*GIVEN RECORDS*
+--

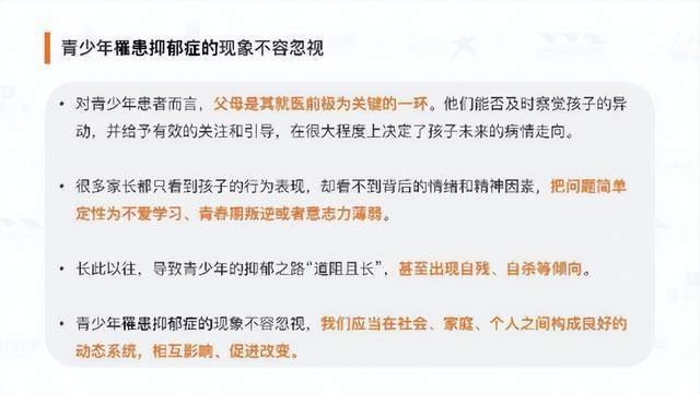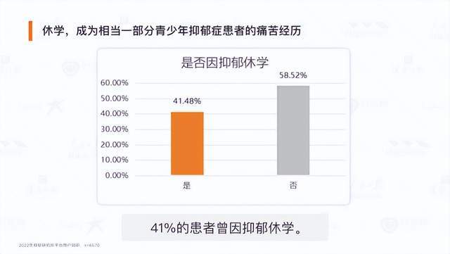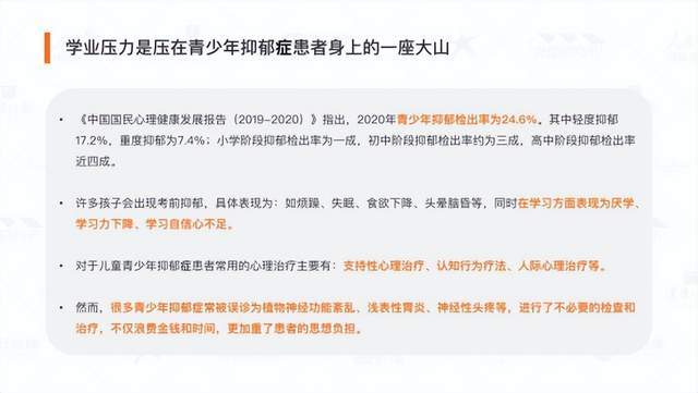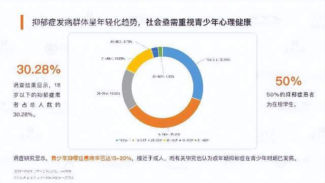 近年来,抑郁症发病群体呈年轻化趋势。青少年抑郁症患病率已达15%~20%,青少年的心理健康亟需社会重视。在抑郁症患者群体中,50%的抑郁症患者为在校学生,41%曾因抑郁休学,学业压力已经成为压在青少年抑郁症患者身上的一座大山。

+--

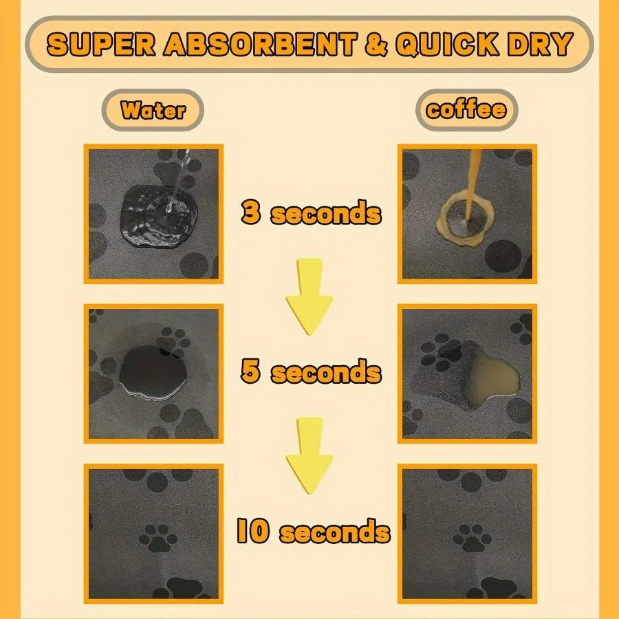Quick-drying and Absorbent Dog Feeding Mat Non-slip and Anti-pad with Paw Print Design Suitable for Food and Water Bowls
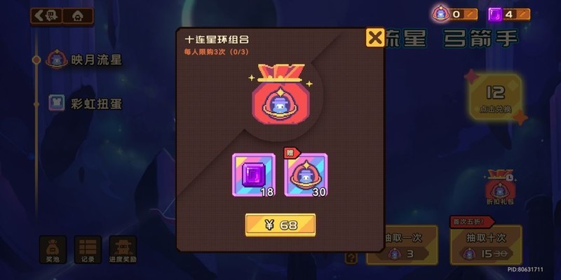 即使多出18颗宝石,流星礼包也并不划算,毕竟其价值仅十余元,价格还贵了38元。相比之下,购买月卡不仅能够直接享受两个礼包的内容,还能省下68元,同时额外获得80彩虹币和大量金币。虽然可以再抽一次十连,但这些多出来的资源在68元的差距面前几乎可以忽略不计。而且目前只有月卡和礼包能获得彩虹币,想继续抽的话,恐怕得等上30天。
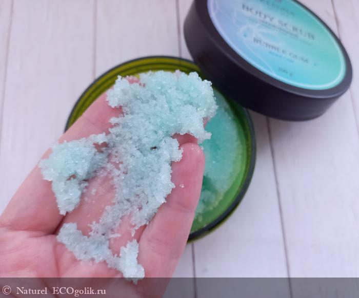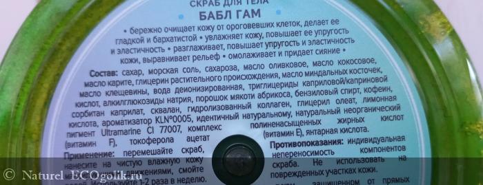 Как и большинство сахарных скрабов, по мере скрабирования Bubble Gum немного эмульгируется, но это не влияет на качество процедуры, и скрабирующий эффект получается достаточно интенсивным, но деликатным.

+--

Could you write out exactly the lines of the data above that run from the one holding "Quick-drying and Absorbent" to the one holding "Как и большинство", with both ends in and all pictures out?

*ANSWER TO THE PROBLEM*
Quick-drying and Absorbent Dog Feeding Mat Non-slip and Anti-pad with Paw Print Design Suitable for Food and Water Bowls
 即使多出18颗宝石,流星礼包也并不划算,毕竟其价值仅十余元,价格还贵了38元。相比之下,购买月卡不仅能够直接享受两个礼包的内容,还能省下68元,同时额外获得80彩虹币和大量金币。虽然可以再抽一次十连,但这些多出来的资源在68元的差距面前几乎可以忽略不计。而且目前只有月卡和礼包能获得彩虹币,想继续抽的话,恐怕得等上30天。
 Как и большинство сахарных скрабов, по мере скрабирования Bubble Gum немного эмульгируется, но это не влияет на качество процедуры, и скрабирующий эффект получается достаточно интенсивным, но деликатным.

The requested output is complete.